In summary, I like Tuscany and I'll go on to try and use other bindings with OSGi applications. The fact that it wasn't easy to pull together the right OSGi platform says more about where we are with OSGi today than about Tuscany. For wide scale enterprise OSGi adoption to happen we need a bundle repository. Tuscany have implemented a workaround (which I don't like), ServiceMix have implemented a work around which is much better - but the right answer is a bundle repository and as soon as possible, yesterday even.

Tuesday 30 November 2010

Oracle meet IBM at the LJCOpenConference

The LJC Open Conference last Saturday was the best! We had 75 people and a packed agenda with talks ranging from the "Java Roadmap" through to "The Diabolical Developer". Martijn Verburg, captured below, was the diabolical developer:

And he was, in fact, awesome...and very diabolical.

Steve Elliot from Oracle and Steve Poole IBM answered questions on their future together in Java:



It's still early days and the LJC organisers clearly thought it was prudent to separate the Steves with Martijn and Ben - although I'm not sure if they were worried about them getting too friendly or the reverse. Nice touch to have coordinated the names though - if you want become a contribute to the OpenJDK being called 'Steve' looks like a good first step.

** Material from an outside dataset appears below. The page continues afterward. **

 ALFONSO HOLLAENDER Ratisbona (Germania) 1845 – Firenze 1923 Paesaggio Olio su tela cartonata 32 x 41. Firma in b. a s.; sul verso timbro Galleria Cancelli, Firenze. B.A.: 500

Wednesday 10 November 2010

Igor - have you watered the brains today, Igor?

In his keynote at ApacheCon 2010, Dana Blankenhorn noticed 'middle aged men dressed like college students' and then went on to liken us to the Knights of the Round Table.

I won't dispute the Camelot analogy - but I do want to take issue with  'middle aged men'. Middled aged is probably justifiable on average but it ignores the fact that there were a reasonable percentage of both old and young - and - no kidding - some of us are even female.

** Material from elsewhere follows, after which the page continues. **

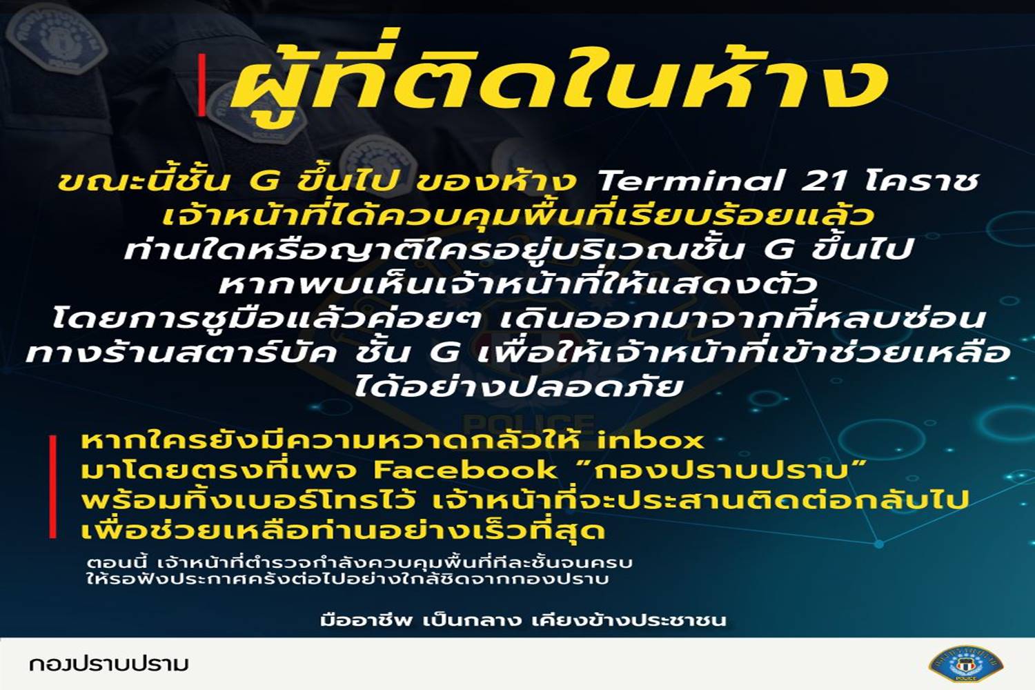 หากพบเห็นเจ้าหน้าที่ให้แสดงตัว โดยการชูมือแล้วค่อยๆ เดินออกมาจากที่หลบซ่อนทางร้านสตาร์บัค ชั้น G เพื่อให้เจ้าหน้าที่เข้าช่วยเหลือได้อย่างปลอดภัย

The youth were brought in by a wonderful organisation that I knew little about till earlier year - the Apache TAC . The TAC enables great programmers early in their career who are  unlikely to be able to get employers to sponsor their travel and even more unlikely to be able to pay for themselves get a chance to come along and participate. This is great for them but it's also very necessary for the future of the ASF a good dose of wild youth counters the tendency of these organisations to turn crumbly and nostalgic.

After the conference a few of us (including Igor of the blog title)  had to hang out in Atlanta for the weekend and ended up in Blind Willies, Atlanta's finest blues bar. We, Igor and I, danced till the early hours to the music of House Rocker Johnson. So in future I would like to suggest another question on the TAC form:
  • Are you prepared to dance like nobody is watching?
Anyone who can't commit (without a reasonable excuse) should be consigned to the 'encroaching middle age bucket' and discarded.

By the way - for those of you who are almost certainly too young to recognise it - the title quote is a reference to 'The Monster Mash' from the 1969 Bonzo Dog album 'Tadpoles'.  I like the idea that younger delegates might inject a bit of life into the proceedings and don't intend to extend the analogy any further than that :-)

ApacheCon Atlanta

So that was my first ApacheCon - if you don't count the one in Dublin at which I drank far too much Guiness and decided on a career change which took me on a slightly circuitous route through  PHP  and back to Apache again.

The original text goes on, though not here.